* * * * * * O tu-czytam
tu-czytam.blogspot.com to strona z recenzjami: portal literacki tworzony w pełni przez jedną osobę i wykorzystujący szablon bloga dla łatwego wprowadzania kolejnych tekstów.

Nie znajdzie się tu polecajek, konkursów, komciów ani podpiętych social mediów, za to codziennie od 2009 roku pojawiają się pełnowymiarowe (minimum 3000 znaków) omówienia książek.

Zapraszam do kontaktu promotorki książek i wydawnictwa.

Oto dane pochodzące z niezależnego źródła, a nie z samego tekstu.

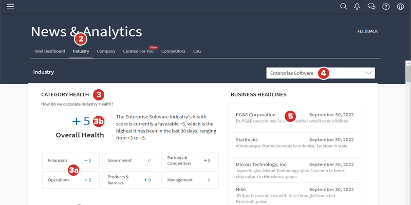 在类别健康部分,各个类别的健康状况分数基于与您所在行业相关的每个类别找到的正面、负面和中立新闻专题的数量。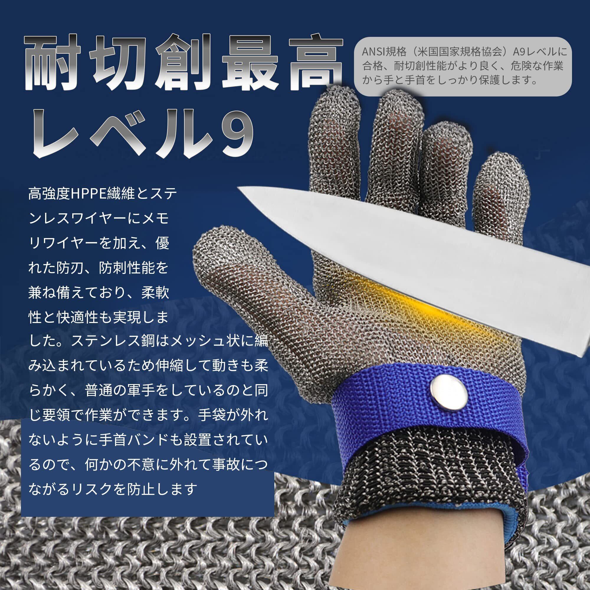 【安全性が抜群!】この防刃手袋は防刃レベル9の高い安全基準をクリアしており、切り傷から手をしっかりと守ります。ステンレス鋼メッシュが使用されたこの手袋は、鋭利な物にも耐えることで、作業中や料理の際も安心してご使用できます。

Zabrania się kopiowania treści strony. Publikowanie fragmentów tekstów możliwe wyłącznie za zgodą autorki i obowiązkowo z podaniem źródła. Kontakt: iza.mikrut@gmail.com

piątek, 12 listopada 2021

Joanna Gaines: Świat chce, byś był sobą

Harperkids, Warszawa 2021.

Porada

Takich książek powinno być na rynku jak najwięcej. „Świat chce, byś był sobą” to tomik obrazkowy, w którym podstawowe przesłanie zostało powtórzone także w tytule. Joanna Gaines w krótkim i przekonującym wierszyku (znakomicie przełożonym przez Katarzynę Huzar-Czub – niewiele jest tu współbrzmień gramatycznych czy nieudanych, utwór trzyma rytm i zwykle ma dobre rymy wpadające w ucho dzieciom i ich rodzicom) przypomina, że każdy ma prawo być, kim chce – i nie powinien próbować się dopasowywać do wymogów innych. Najłatwiej jest to autorce pokazać na przykładzie zabawy: oto dzieci mają przygotować balony, którymi potem wylecą w niebo. Szybko staje się jasne, że każde dziecko ma inny system pracy i inaczej wykonuje swoje zadanie. Jedni lubią pracować w grupie, inni są indywidualistami, jedni lubią rozmawiać, inni potrzebują ciszy i skupienia. Tak samo jest, jeśli chodzi o wykonanie przedmiotów: są tu balony o fantazyjnych kształtach albo balony z resztek, tworzone ze wszystkiego, co jest pod ręką. Każdy pracuje, jak mu wygodnie i zgodnie z tym, czego potrzebuje. Dopiero gdy balony wyfruną pod niebo, okaże się, że naprawdę wszyscy różnią się od siebie – i to jest największa wartość. Joanna Gaines w prostych słowach przypomina dzieciom, że każdy powinien być sobą. To prawda, o której dorośli często zapominają – warto zatem wyczulać na nią najmłodszych już od pierwszych lektur. A ponieważ tomik jest starannie przygotowany, powinien przypaść do gustu również rodzicom – i przypominać o tym, co najważniejsze.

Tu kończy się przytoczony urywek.